I am running into a problem installing gbrowse 1.7 on a centos 6.6 running perl, v5.10.1.

After installation I tried to restart the apache2 server and it gives me alot of errors of kind from the standard installation files (did not touch them):

/etc/httpd/conf.d/gbrowse.conf/MobyServices/GbrowseServices.pm: </moby:$objtype>",> directive missing closing '>'

or
 /etc/httpd/conf.d/gbrowse.conf/MobyServices/text_xml_renderer.pm:61: <td> was not closed.

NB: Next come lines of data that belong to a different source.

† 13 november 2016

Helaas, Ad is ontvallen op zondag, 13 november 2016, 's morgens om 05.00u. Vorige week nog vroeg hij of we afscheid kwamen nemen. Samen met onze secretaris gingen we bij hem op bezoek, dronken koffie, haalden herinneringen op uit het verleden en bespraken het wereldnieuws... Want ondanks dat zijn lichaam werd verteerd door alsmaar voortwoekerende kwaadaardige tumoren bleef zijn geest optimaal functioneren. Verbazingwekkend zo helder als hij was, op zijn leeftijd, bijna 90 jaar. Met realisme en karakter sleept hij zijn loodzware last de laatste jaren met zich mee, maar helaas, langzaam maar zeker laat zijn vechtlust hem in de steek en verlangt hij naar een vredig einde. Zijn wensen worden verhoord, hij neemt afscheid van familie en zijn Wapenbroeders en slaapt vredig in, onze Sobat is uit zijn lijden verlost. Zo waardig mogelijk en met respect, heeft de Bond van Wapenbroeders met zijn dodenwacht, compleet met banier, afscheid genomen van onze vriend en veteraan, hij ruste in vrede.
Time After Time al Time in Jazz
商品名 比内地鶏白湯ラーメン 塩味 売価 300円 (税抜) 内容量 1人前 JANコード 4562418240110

Most of these errors are easy to fix for me but it is a lot of hand-work to do.

The error types look to me as the used perl CGI interpreter on this centos 6.6 does very strict syntax checking and maybe gbrowse 1.7 was developed on a more relaxed perl version.

Here is an example of the types of errors ( </moby:$objtype>",> directive missing closing '>')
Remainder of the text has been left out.